Stevens says he encourages advisors to use estate planning as a way to broach the topic before a debilitating event occurs. "That way families can discuss these issues when everyone is calm as opposed to a time of crisis," he says.

Soft questioning tends to work best when talking to clients about family issues, Redmond says.

"Who do you trust the most with these matters?" he asks clients. "Who do you want taking care of you if you need care? What do you see happening in your family if an event occurred? How would the relationships between you and your children, among the children themselves, and other loved ones change? If all paths involve an evil, what is the path representing the least of all those evils?"

Paying up
As for the best way to pay for long-term care, nearly three-quarters of advisors surveyed recommend a hybrid long-term care and annuity policy, but more than half their clients prefer to self-insure.

Taking at least some of the risk off the table for LTC costs is a key consideration, Stevens says.

Hybrid policies have tended to work well for high-net-worth clients, according to Redmond. These life insurance/long-term care contracts issued by insurance companies provide a specific amount of LTC benefit to use if the client needs it, or life insurance death benefit if they don’t.

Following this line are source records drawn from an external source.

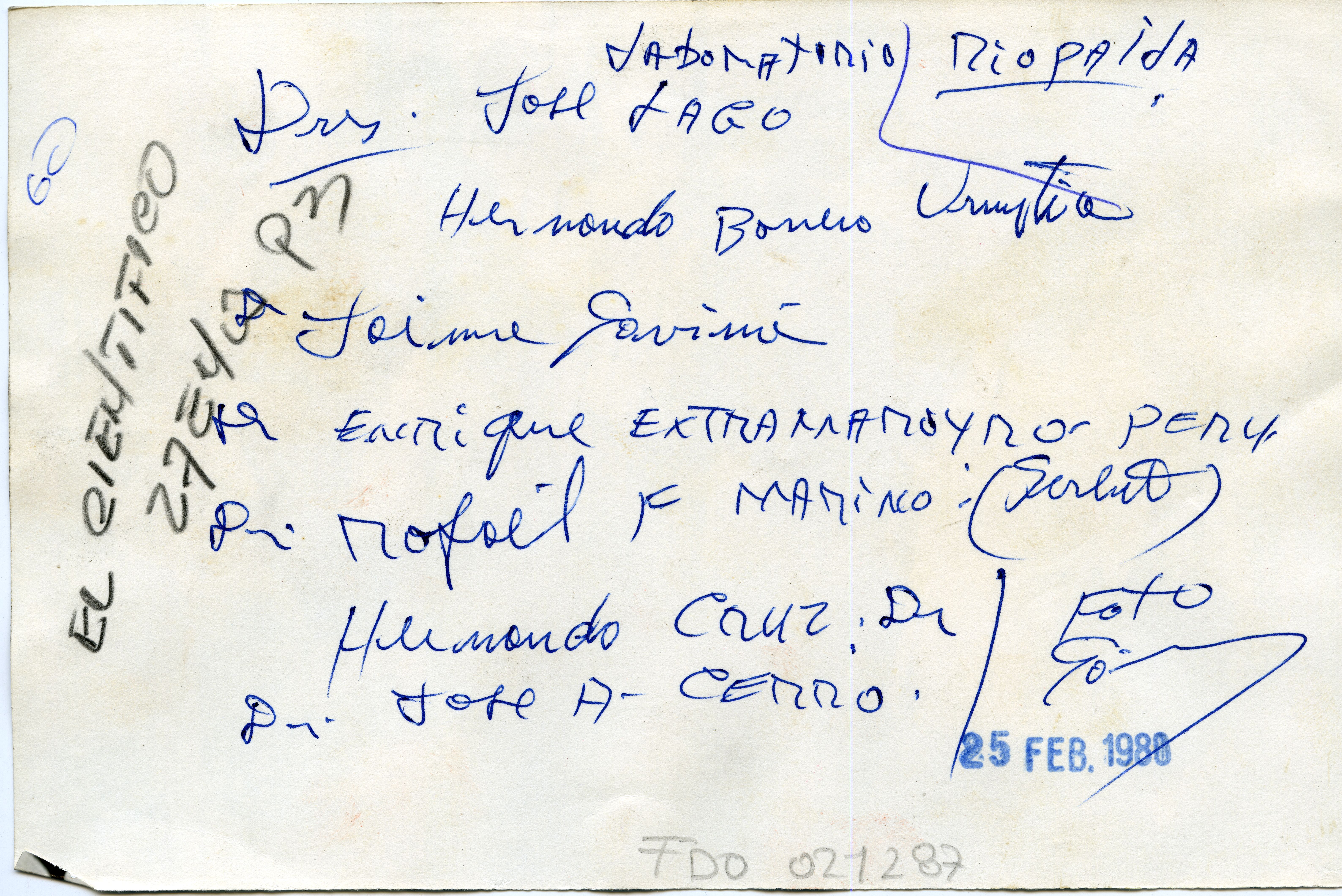 Laboratorio del Ingenio Riopaila. Se aprecia las siguientes personas: Dr José Lago, Hernando Borrero U. Jaime Gavino, Enrique Extramandyno P. Rafael F Marino, gerente, Hernando Cruz, Dr José A.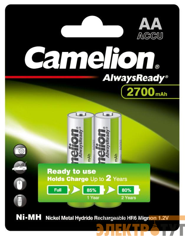 15036 | Аккумулятор Always Ready AA-2700mAh Ni-Mh BL-2 NH-AA2700BP2 1.2В Camelion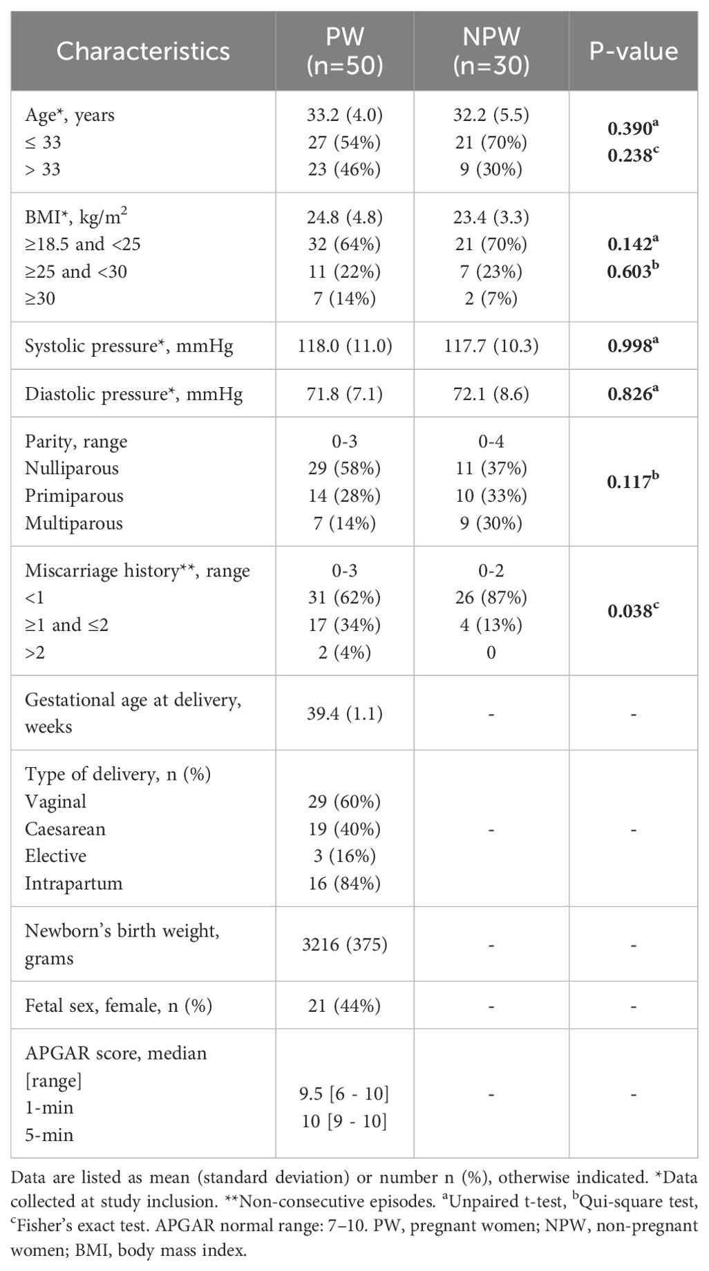 The mean age and BMI were similar between groups. In the pregnant group, 46% of the women were older than 33 years, whereas age distribution in the non-pregnant group was more evenly balanced, with approximately one-third in each age range. Regarding BMI, both groups primarily consisted of women with normal weight (18.5 to 24.9 kg/m2). Most women in both groups were nulliparous, however, the pregnant group had a higher frequency of women with one or more non-consecutive miscarriages. No additional significant differences were observed between the groups regarding age, BMI, or parity distribution.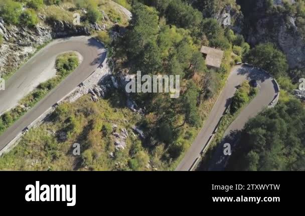 Top view of mountain turns of road Stock Dangerous and sharp turns on
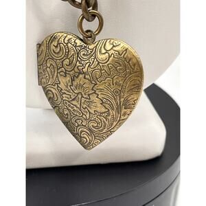 a detailed, vintage-style heart-shaped locket pendant hanging from a thick, antiqued gold-tone brass chain.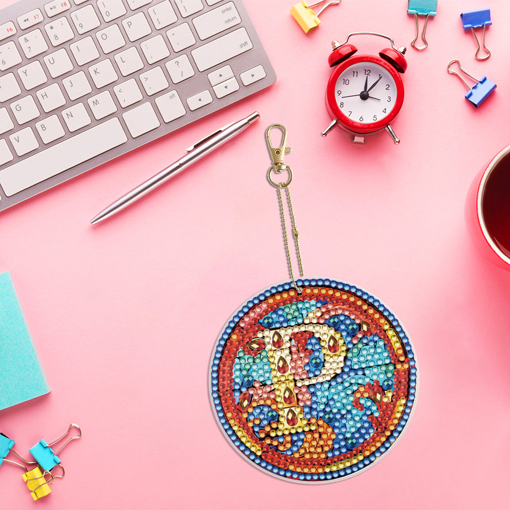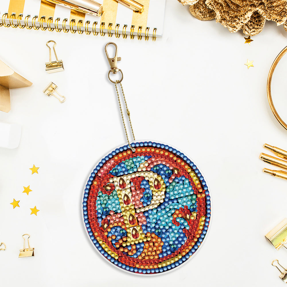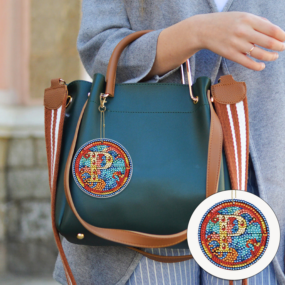 A-Z 26 Letters Double Sided Special Shape Diamond Painting Keychain Pendant (P)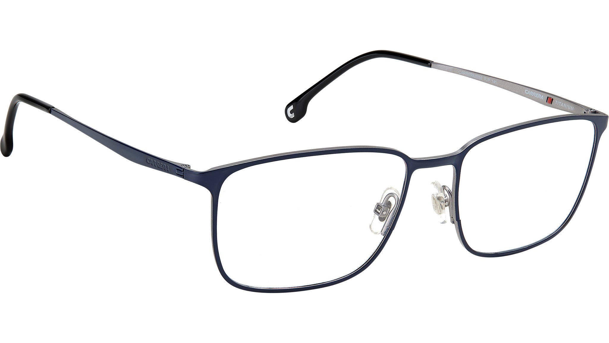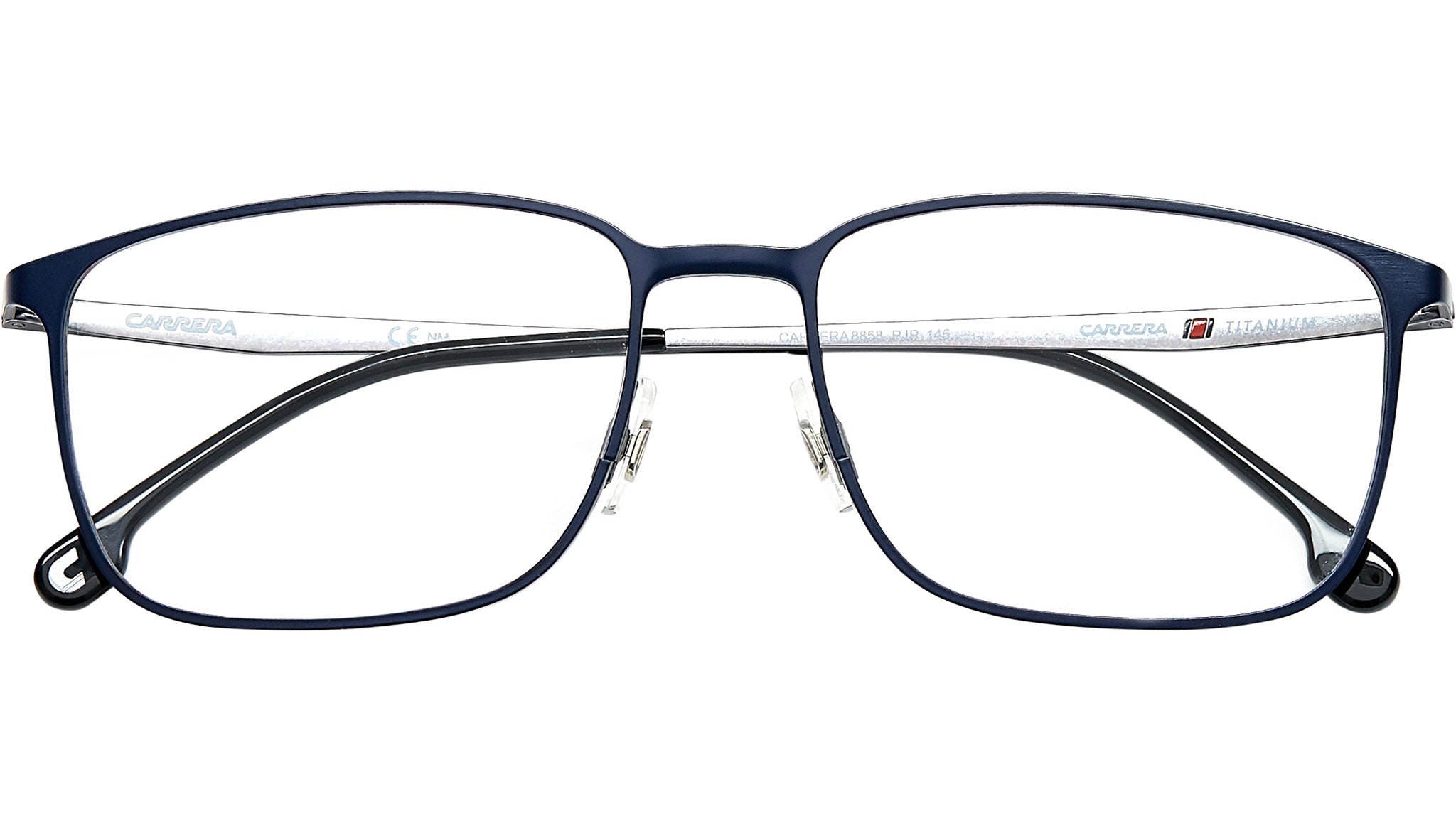 Occhiali da vista Carrera modello 8858 colore PJP blue. Con la loro sobria silhouette rettangolare e l’innovativa finitura opaca, questi occhiali da vista da uomo diventeranno il segno distintivo del tuo stile. Il sottile profilo squadrato è interamente realizzato in beta-titanio – incredibilmente leggero e durevole. Da notare il logo lettering dal fascino discreto, inciso lungo le tempie.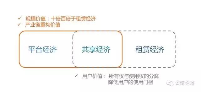 在这里,让我们再来解释三个概念:共享经济和租赁经济,涉及了三种不同的价值——用户价值、体量价值和产业链重构价值。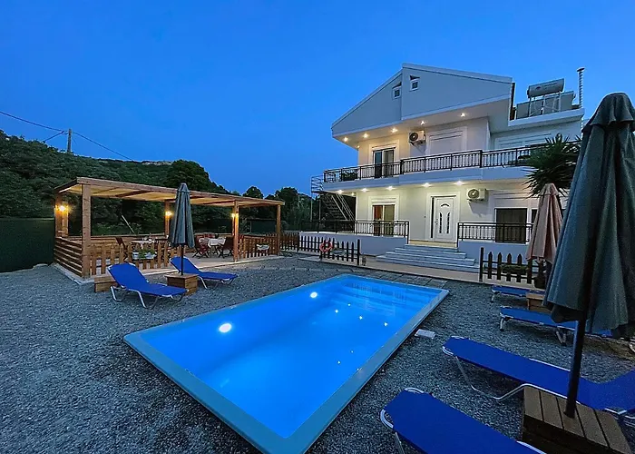 Nejbližší letiště je Mezinarodni letiste Rhodos, 10 km od vily. K dispozici je spousta rekreačních zařízení, například rovná střecha k opalování a sluneční terasa.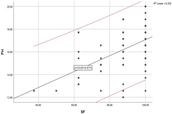 Physical health scores (PH) compared with the general trend for social functioning (SF) scores; “y” indicates the overall trend of the scores.

"Many states have policies like this that offer 100% return of premiums surrender-free from day one of the contract, so the money is liquid," Redmond notes. This strategy is very popular, largely because of the psychological freedom clients have when they know that this strategy only has three outcomes: you use the long-term care benefit; you use the life insurance death benefit or you get your money back."

Another effective strategy is to buy a life insurance contract with an accelerated death benefit rider, Redmond says.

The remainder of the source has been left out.